▸ WORK REQUIRED:
Transcribe this listing exactly; omit the pictures.

▸ DATA SHOWN:

○ ○ ○ ○ ○ ○ ○

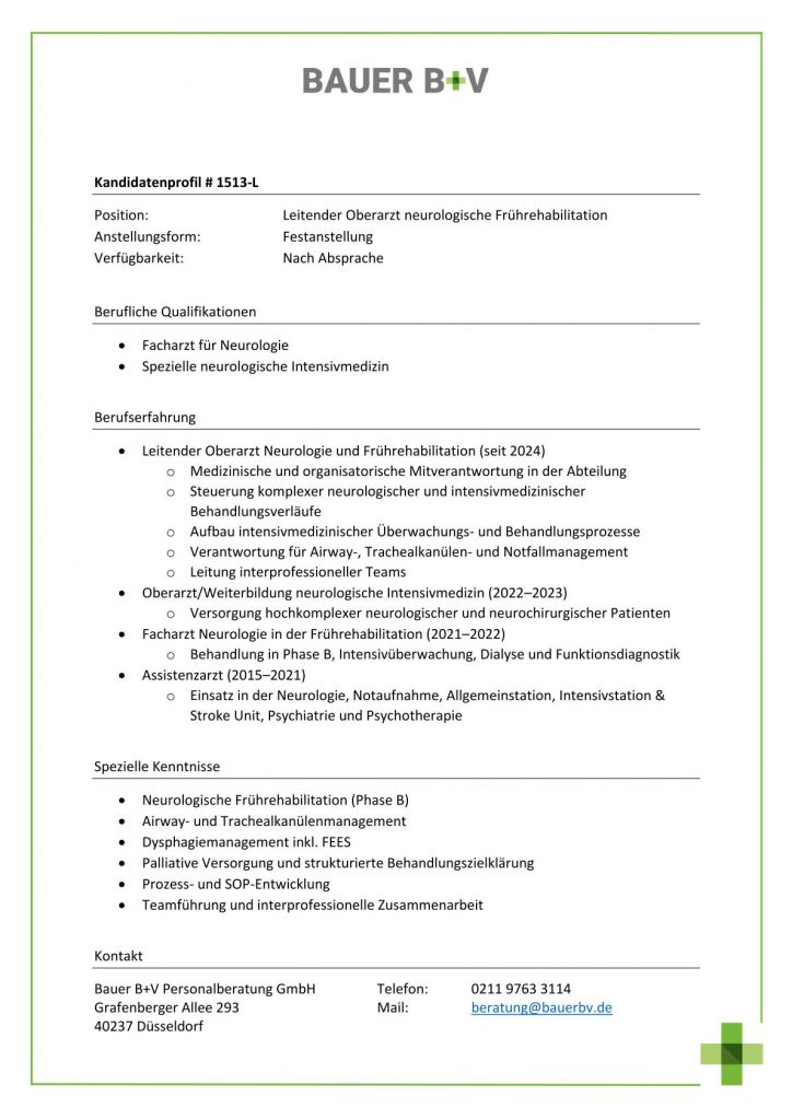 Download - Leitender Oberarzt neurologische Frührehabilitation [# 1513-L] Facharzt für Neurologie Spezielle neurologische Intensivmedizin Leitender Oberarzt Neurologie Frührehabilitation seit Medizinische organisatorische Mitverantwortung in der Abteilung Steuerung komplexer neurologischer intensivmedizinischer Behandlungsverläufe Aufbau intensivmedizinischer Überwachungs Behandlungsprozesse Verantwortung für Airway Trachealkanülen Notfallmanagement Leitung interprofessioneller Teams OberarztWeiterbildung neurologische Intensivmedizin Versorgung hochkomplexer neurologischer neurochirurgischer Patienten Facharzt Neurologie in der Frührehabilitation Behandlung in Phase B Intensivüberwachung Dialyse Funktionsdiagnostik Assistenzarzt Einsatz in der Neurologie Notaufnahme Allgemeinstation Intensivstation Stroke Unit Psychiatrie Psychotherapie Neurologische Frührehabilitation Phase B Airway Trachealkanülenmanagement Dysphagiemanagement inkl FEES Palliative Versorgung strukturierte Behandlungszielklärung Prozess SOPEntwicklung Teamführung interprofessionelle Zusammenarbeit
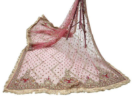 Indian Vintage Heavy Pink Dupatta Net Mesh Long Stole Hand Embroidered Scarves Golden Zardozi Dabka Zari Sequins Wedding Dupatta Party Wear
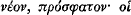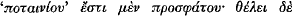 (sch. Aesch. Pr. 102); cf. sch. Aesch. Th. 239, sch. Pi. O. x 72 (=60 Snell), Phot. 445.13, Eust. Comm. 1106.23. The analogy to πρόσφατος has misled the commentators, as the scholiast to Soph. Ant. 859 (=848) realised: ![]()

○ ○ ○ ○ ○ ○ ○

▸ WRITTEN REPLY:
 Download - Leitender Oberarzt neurologische Frührehabilitation [# 1513-L] Facharzt für Neurologie Spezielle neurologische Intensivmedizin Leitender Oberarzt Neurologie Frührehabilitation seit Medizinische organisatorische Mitverantwortung in der Abteilung Steuerung komplexer neurologischer intensivmedizinischer Behandlungsverläufe Aufbau intensivmedizinischer Überwachungs Behandlungsprozesse Verantwortung für Airway Trachealkanülen Notfallmanagement Leitung interprofessioneller Teams OberarztWeiterbildung neurologische Intensivmedizin Versorgung hochkomplexer neurologischer neurochirurgischer Patienten Facharzt Neurologie in der Frührehabilitation Behandlung in Phase B Intensivüberwachung Dialyse Funktionsdiagnostik Assistenzarzt Einsatz in der Neurologie Notaufnahme Allgemeinstation Intensivstation Stroke Unit Psychiatrie Psychotherapie Neurologische Frührehabilitation Phase B Airway Trachealkanülenmanagement Dysphagiemanagement inkl FEES Palliative Versorgung strukturierte Behandlungszielklärung Prozess SOPEntwicklung Teamführung interprofessionelle Zusammenarbeit
 Indian Vintage Heavy Pink Dupatta Net Mesh Long Stole Hand Embroidered Scarves Golden Zardozi Dabka Zari Sequins Wedding Dupatta Party Wear
 (sch. Aesch. Pr. 102); cf. sch. Aesch. Th. 239, sch. Pi. O. x 72 (=60 Snell), Phot. 445.13, Eust. Comm. 1106.23. The analogy to πρόσφατος has misled the commentators, as the scholiast to Soph. Ant. 859 (=848) realised: ![]()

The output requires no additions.